Description of the task: In the records that follow, find the line with "A pedestrian walks"; from there, retype every line exactly through the line with "Traditionally, US voters", which also belongs to the answer.

Information shown:
-- Opening Marker --

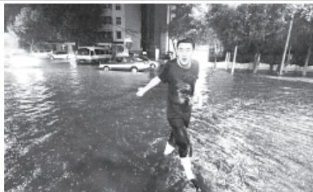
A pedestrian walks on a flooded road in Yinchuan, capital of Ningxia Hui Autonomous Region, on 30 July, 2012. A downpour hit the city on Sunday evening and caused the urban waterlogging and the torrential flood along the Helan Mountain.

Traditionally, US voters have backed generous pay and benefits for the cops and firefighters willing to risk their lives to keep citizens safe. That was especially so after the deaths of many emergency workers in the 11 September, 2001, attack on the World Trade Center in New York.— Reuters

-- Closing Marker --
-- Opening Marker --

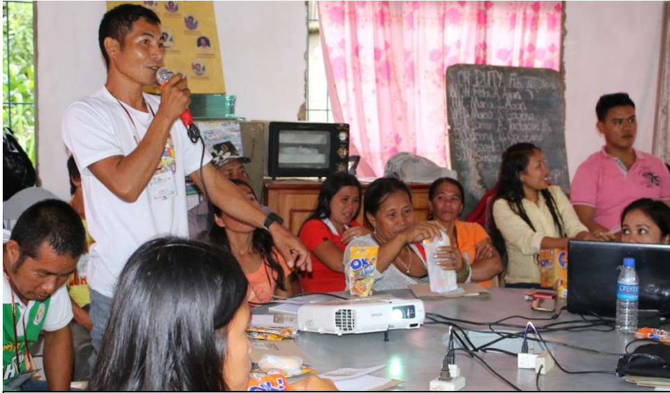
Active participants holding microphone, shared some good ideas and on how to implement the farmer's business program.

-- Closing Marker --
-- Opening Marker --

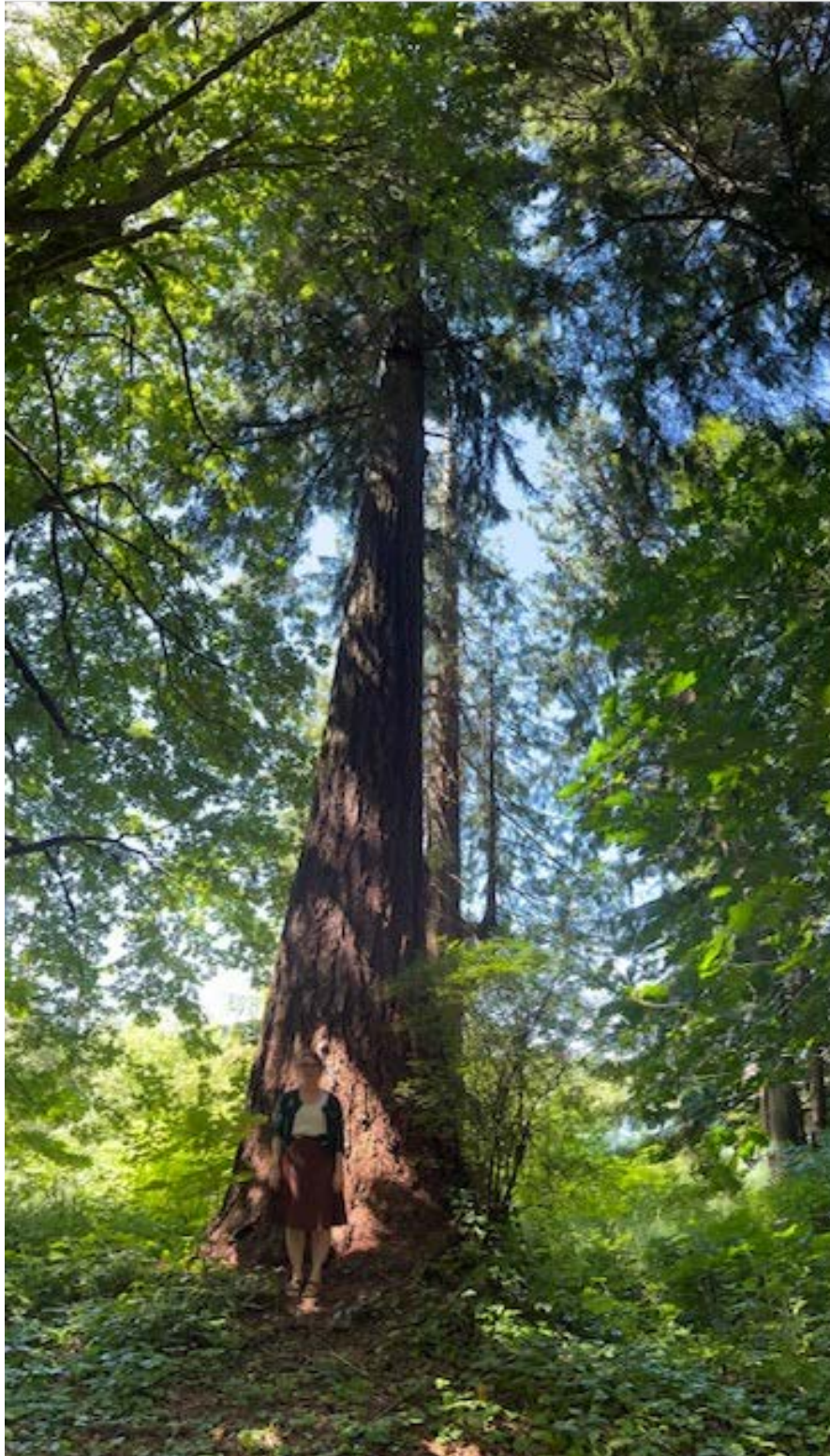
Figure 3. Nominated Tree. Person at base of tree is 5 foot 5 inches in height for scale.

-- Closing Marker --

Output for this exercise:
A pedestrian walks on a flooded road in Yinchuan, capital of Ningxia Hui Autonomous Region, on 30 July, 2012. A downpour hit the city on Sunday evening and caused the urban waterlogging and the torrential flood along the Helan Mountain.

Traditionally, US voters have backed generous pay and benefits for the cops and firefighters willing to risk their lives to keep citizens safe. That was especially so after the deaths of many emergency workers in the 11 September, 2001, attack on the World Trade Center in New York.— Reuters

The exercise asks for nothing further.